Kenwood warning raises bid spectre

Kenwood Appliances, the maker of the Kenwood Chef Mixer, looked vulnerable to a takeover bid yesterday after the domestic appliance maker issued another profits warning and said its managing director was to leave after little more than a year in charge.

Kenwood shares lost a third of their value in early trading but recovered to close 22p lower at 164p as the market sensed that Pifco might renew its bid interest. Pifco, the rival appliance group, approached Kenwood twice about an agreed deal last year but withdrew after being rebuffed.

Pifco's directors were in Stockholm yesterday and issued no formal comment. However, City analysts suggested that with Kenwood shares now at their lowest point since the company's flotation in 1992, Pifco might move in for the kill.

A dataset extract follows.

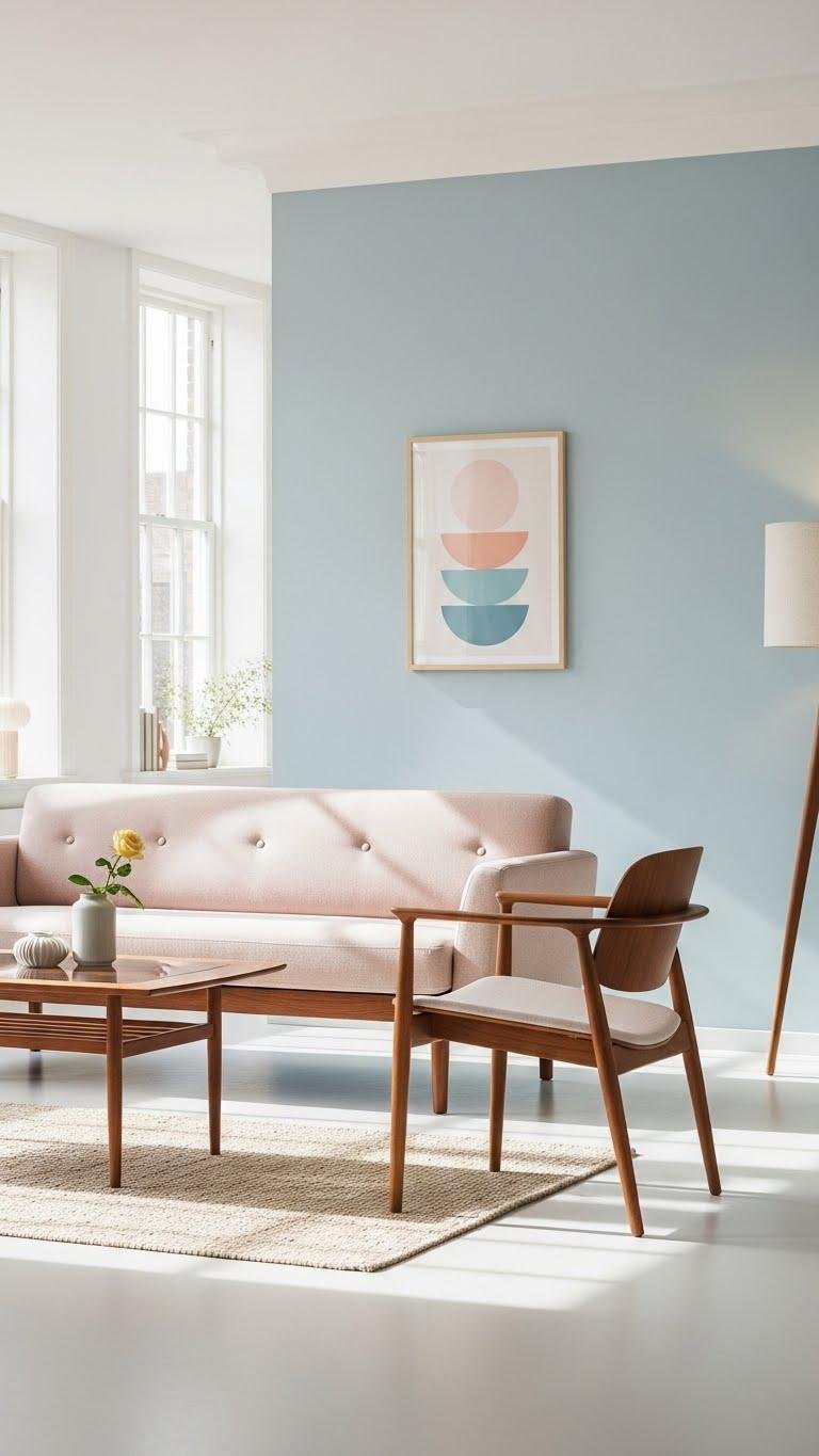 Lean into midcentury modern pieces finished in soft colors to keep your space streamlined yet inviting.

After yesterday's 12 per cent slump in the share price, Kenwood is worth pounds 75m. Pifco's shares closed unchanged at 268p yesterday, valuing the company at pounds 45m.

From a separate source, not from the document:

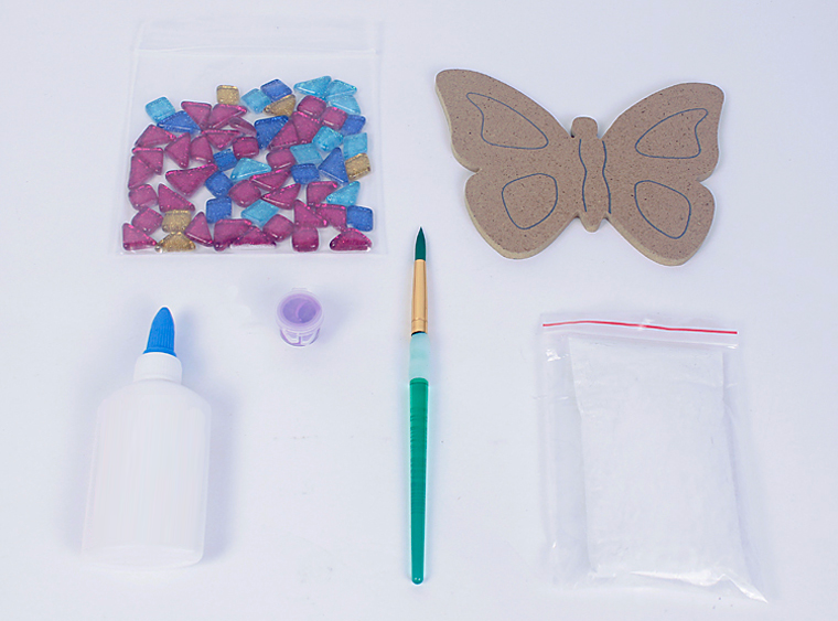 The design of the Mosaic Butterfly Kit is specifically made to be an all-in-one kit for people to take home and enjoy! It does not require a kiln or any special equipment so it’s the perfect kit to give to your customers. The Mosaic Butterfly Kit includes:
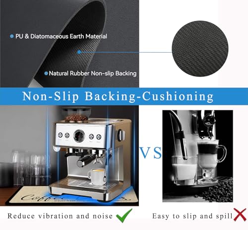 - 【مفرش متين لماكينة تحضير الاسبريسو اكسسوار لإخفاء البقع】: مفرش القهوة هذا مصنوع من مادة البولي يوريثين والتراب الدياتومي يمتاز بمقاوم شديدة للبقع. مادة خاصة يمكنها إخفاء بقع القهوة والحليب وأي بقع فوضوية أخرى من على سطح الطاولة. لا يحتاج المفرش إلى مسحه بشكل متكرر. لا تقلق بشأن بقع الماء على السطح. مفرش ماكينة تحضير القهوة متين للغاية ويمكن إعادة استخدامه عدة مرات.

Kenwood said that following a poor performance in the Christmas and January sales periods, profits in the second half would be significantly lower than the pounds 3.3m achieved in the first half. Analysts forecast full-year profits of pounds 4.5m.

Though the group has maintained market share, trading in western Europe is difficult and margins are under pressure. The strength of sterling has also had an adverse impact.

As a result of the latest downbeat message, managing director Tim Beech will leave the company next month. He will receive compensation for loss of office. He is on a two-year contract and last year received total pay of pounds 170,000 including bonuses.

He will be replaced by Colin Gordon, who joins from branded food and drinks group Grand Metropolitan. He has been a director of the group's IDV drinks subsidiary for the past 10 years.

Kenwood's rebel shareholder group, UK Active Value, which campaigned for the group to be put up for sale last year, applauded the shake-up. Julian Treger, one of the fund's advisers said: "We regard this as a positive set of announcements which are exactly the strategy we suggested to both management and shareholders last year. Clearly, Kenwood needed a change in management and an operational restructuring."

Another large institutional shareholder said that while a takeover was possible, the new management would be given a chance to prove themselves. "We've got a new chief executive. All we want now is a strategy. We'll have to listen to what they have to say."

Pifco made two informal approaches to Kenwood last year. It stressed it was interested only in an agreed deal.

In December UK Active Value requisitioned an extraordinary general meeting at which it proposed Kenwood should put itself up for sale. Shareholders voted overwhelmingly against the motion.

However, some analysts suggested that following yet another profits warning investors might now take a different view.